I watched this programme too. Also worth noting is that Pamela had learning disabilities too, which made her life more of a struggle.

She could get aggressive at times and her main carer was often quite harsh with her (in my view) and I felt that didn't help her aggression.

I did wonder if the general public would think that all ppl with DID were all needing this much care round the clock. Which isn't the case, ppl with DID can hold down professions and bring up children, and do not all need round the clock care.

Yes, its good that the things weren't sensationalised, it was handled sensitively, the cameraman/interviewer took 2 years to gain her trust to make the film.

I know of ppl with DID who do not have outside carers. Everyone is unique and some ppl have a carer inside.

Channel 4 have a habit of repeating stuff really late at night, so I hope you get to see it Silver.

hugs to all, Poppet

[dogtanian]

also, if you have cable they often show these things again on E4.

[RhysMadison]

I live in the USA so I couldn't watch it. Seems like a very interesting feature.

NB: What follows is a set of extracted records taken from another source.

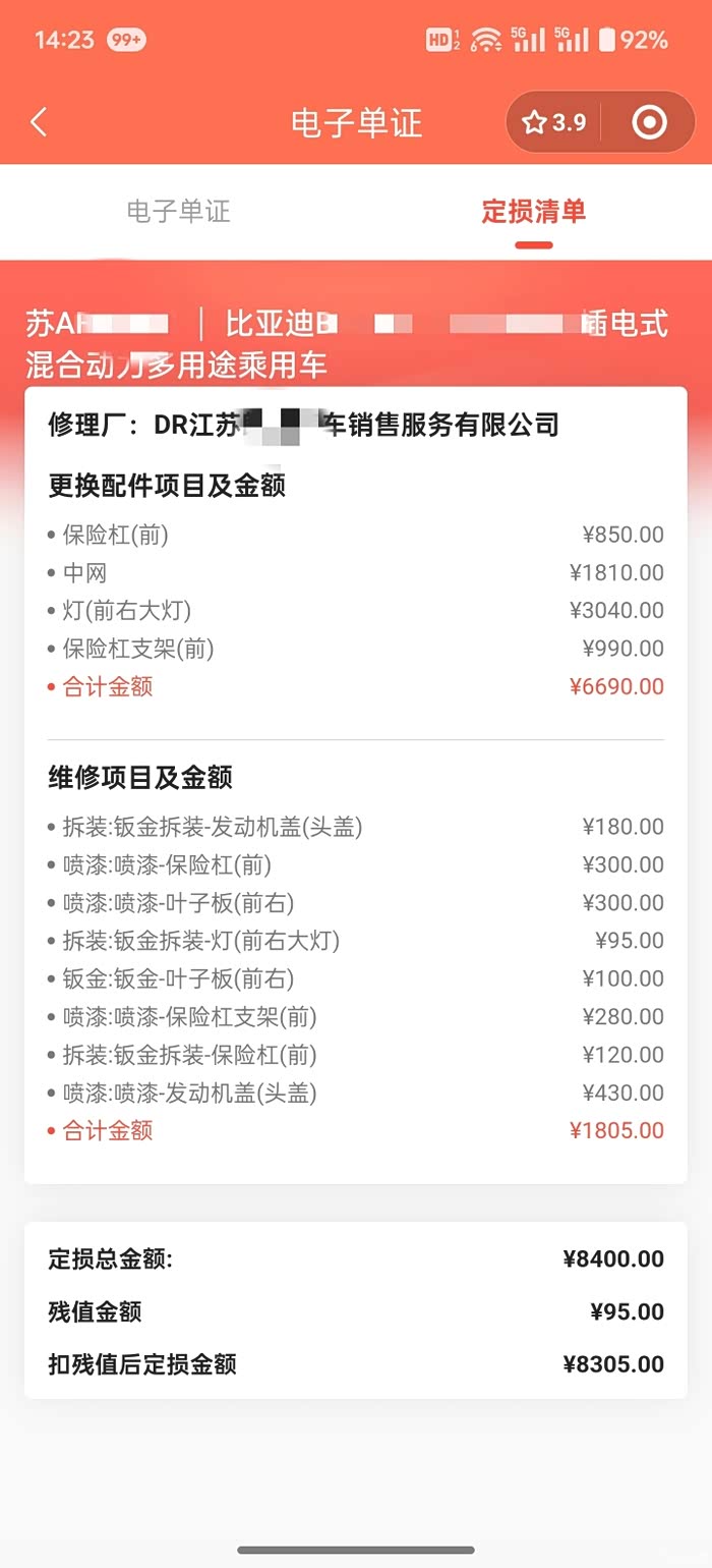 追尾 我全责 车丢4s去了 估计一个多星期修好 换中网 右大灯 引擎盖钣金 之后再发详单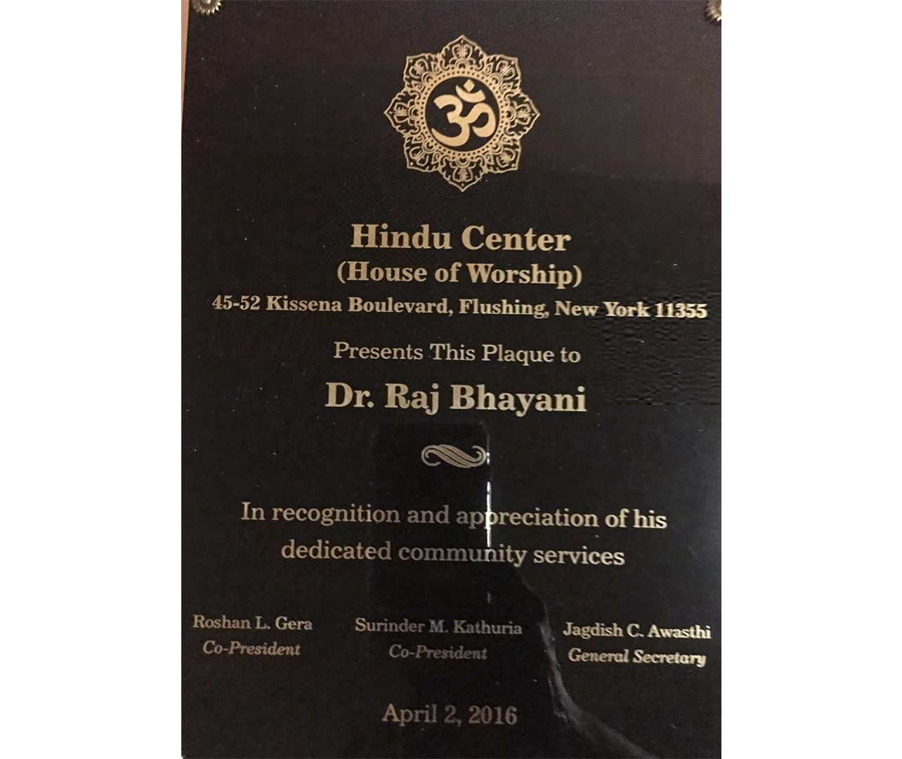 Special Recognition Award Hindu Centre2016Hindu Centre New YorkCommunity Service Hindu Cause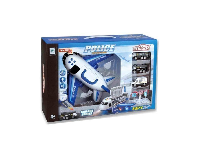 Playset with light and sound effects. The package includes 3 metal cars 1:64 with a pull-back mechanism. Opening cargo space on the airplane. The airplane is easily portable thanks to its handle, and the stairs can be unfolded.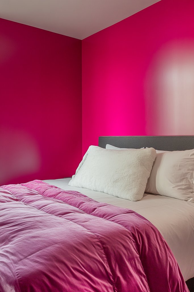 Ever feel like your bedroom just blends into the background, craving that wow factor? A bold pink accent wall can totally change the vibe, making your space feel vibrant and personalized. But choosing the right finish and tone can be tricky—do you go glossy or matte, bright or muted? If you want your bedroom to stand out without overwhelming, this idea is just what you need.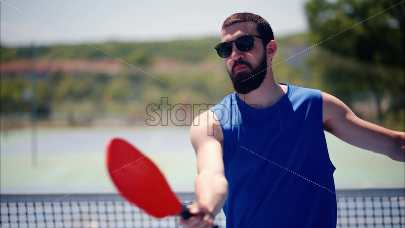 VIDEO Close up of a man in a blue shirt playing pickleball with a red racket on a sunny day Royalty Free Stock Video Footage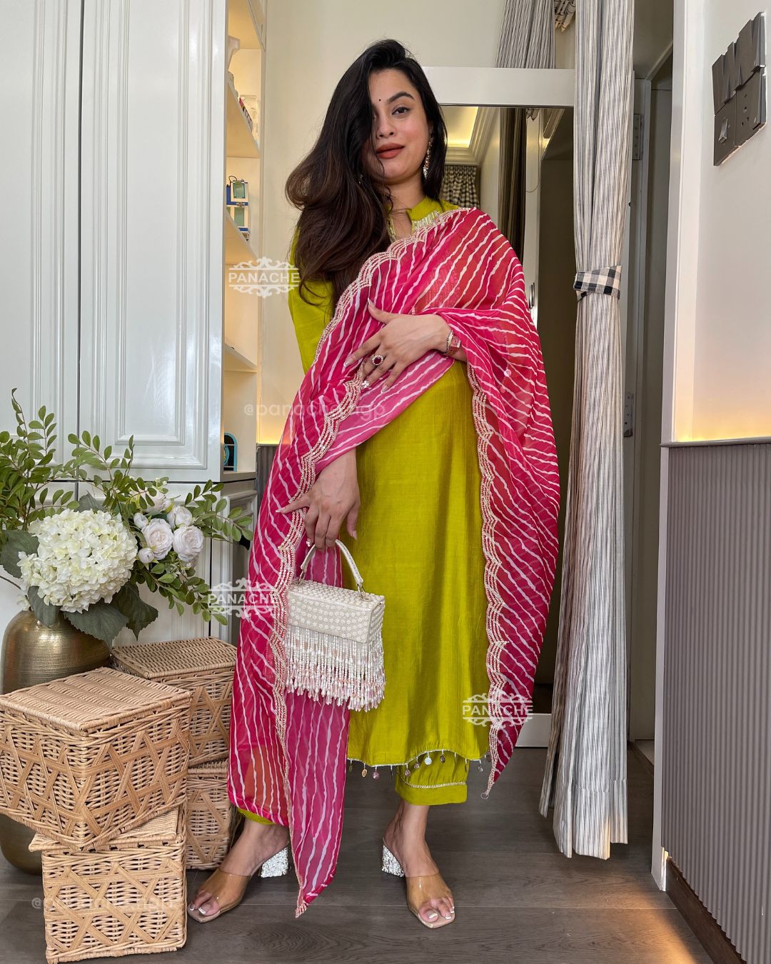 Mirror work leheriyan set

I wonder if they'll have it for sale on the internet one of these days. You can buy pretty much anything on the 'net.
Re: meds. Yeah, they can't have a med for DID 'cos DID isn't just one person. If there is depression thruout the system, then anti-depr. would help. But there's just too many different people. Plus if one is depressed but the one who isn't takes the med instead, there's more side effects. That's how it is for me. Depending on who's out, who ever is affected differently from the others.
I tell people to think of DID as being conjoined twins. You have 2 minds, 2 personalities, one body (well sometimes two but they are joined together so for argument's sake, just say it's one body). One wants to go left, the other right. Gotta compromise. NOW add many minds, 10,20,50 different personalities w/ one body.
If one has a headache, the other doesn't. I hope this makes sense. It's how I describe it (w/ little more detail, just don't want to make this too lengthy) to other people.
Love,
RM

[kimmydawn]

OMG, rhysmadison...what an awesome way of explaining our experience!

may i borrow that?

kd

[RhysMadison]

Thank you for the compliment KD!! I tend to make up metaphors to help my family understand what it is I'm going thru. Sure, feel free to borrow it. I'm glad you liked it!! Made my day!
Love,
RM

[Zorah]

I`ll watch out for it in Australia. We usually get them in the end. In general, this type of show annoys me totally. My older son is schizophrenic & the amount of crap that appears on film & TV about this disorder makes it harder for him to be accepted for what he is, in society.
Why do they always show the most extreme cases? at both ends of the spectrum admittedly.
I can`t help thinking this program will do no service for those of us who are DID. I have never had a carer & have passed in a work environment all my life.
They already think we`re all like Sybil in the book, how can a show like this do anything but harm to community perceptions of DID ?

[RhysMadison]

I agree Dawntreader. People tend to assume we're all just like Sybil. What I found out, people like her are very rare.
Love,
RM

[misty]

from what I understand sybil was draumitized for tv sake. Two faces of Eve same thing and her recovery was not complete from what I hear after her movie. She had more personalities. TV is tv.

[dogtanian]

dawntreader, you asked me how she had 20 carers, and how it could be afforded on the NHS. her foster mum/primary carer had set up a trust to look after her, which i assume accepts charitable donations and/or voluntary work by the carers, but i'm not sure. how she managed to acquire 20 of them wasn't explained, it was a team of them, i'm pretty sure they were on rotation, but it didn't really explain.

what it did say was that keeping her at home with carers cost the local nhs authority £500,000 per year. which is obviously a lot more than it would cost to keep her in an institution. many people i know were quite shocked by that and supposed she ought to be in an institution, but having been in an institution myself i disagree. i think being treated at home is very important.